The Vanishing Neighbor: The Transformation of American Community by Marc J. Dunkelman | Book Review

The Vanishing Neighbor was difficult to rate.  On Goodreads, I only gave it 2 stars because I was reading it for leisure.  If I were a sociology student, I'd probably give it 4-5 stars.  I wouldn't necessarily recommend this to others to read "for fun" but I can't deny the depth and wealth of information within, or the novelty of the thesis presented.

Let me back up just a little and explain why, exactly, I picked up this book in the first place.  Two years ago, the hubby and I bought a house in a suburb and moved in and I waited and waited and waited for a neighbor to come over and say hi.  Maybe with a plate of cookies.  I spent my evenings imagining running into neighbors as we all came home from work and sharing glasses of wine on the front porch.  (I bought a few bottles of "good" wine just in case.)  I looked forward to dog-sitting for the neighbors two houses down and giving children's book recommendations to the neighbors one house down.  We moved onto a cul de sac; I daydreamed of "block parties" on the 4th of July.  Because this is what I grew up with.  I wasn't delusional, I swear!  When I was a kid, all the neighbors hung out and we kids played together and our parents sat on the porches together and there were cul de sac block parties every 4th of July.  

I picked up Mr. Dunkelman's book hoping for answers.  Why was it that not a single neighbor came over to welcome us to the neighborhood?  Why was one of our neighbors actually actively antagonistic?  What was wrong with me that no one wanted to form connections?

The good news:  there's absolutely nothing wrong with me or the hubby, according to the author.  It's just that in the past 20 years, America has seen a great shift, a wave, as he terms it, from geographical community connections to a more selective "networked" society.  We Americans own a lot of cars.  We have great public transportation systems in big cities.  We have many computers and lots of internet access.  We no longer rely on the neighbor next door because we can easily selectively choose our social group, even if the others in the group live many miles away.  I can't tell you how relieved I was to find that out so early in the book.  The Beaver Cleaver community model just doesn't exist anymore.  I'm not doing anything wrong, and my neighbors aren't doing anything wrong.  We've just become a more efficient society!

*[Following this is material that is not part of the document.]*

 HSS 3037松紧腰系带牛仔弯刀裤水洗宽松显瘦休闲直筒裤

I thought the author did a fantastic job presenting both the positives and the negatives of the shift into this new, networked society.  Sure, I was reassured about my own situation, but he also brought up some negatives.  People very rarely run into people outside of their education level, socioeconomic level, and career anymore.  This can actually impede idea-sharing, which could lead to a loss of innovation in America.  That's no good.  

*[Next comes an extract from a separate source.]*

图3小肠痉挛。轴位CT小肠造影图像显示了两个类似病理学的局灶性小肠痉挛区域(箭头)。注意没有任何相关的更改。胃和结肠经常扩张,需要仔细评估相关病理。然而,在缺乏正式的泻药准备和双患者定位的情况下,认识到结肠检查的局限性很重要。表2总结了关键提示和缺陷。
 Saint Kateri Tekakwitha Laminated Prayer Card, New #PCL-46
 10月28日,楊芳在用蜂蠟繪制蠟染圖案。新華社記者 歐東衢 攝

The author also does a fantastic job with his research.  My mind was a little blown at all the texts he referenced, and all the diverse historical sociological theories that he pulled together to support his thesis.  If I were his professor, I'd totally give him an A++.

Unfortunately, that's also where this book lost me a bit, and lost stars in my personal rating of the book.  You see, I'm not a professor or student of economics.  This book was pretty intense for something I was reading prior to going to bed.  So, please check out this book if you're a student of sociology, and maybe look for something a little lighter if you're an average Joe like me.

*I checked out my copy of The Vanishing Neighbor from my local library.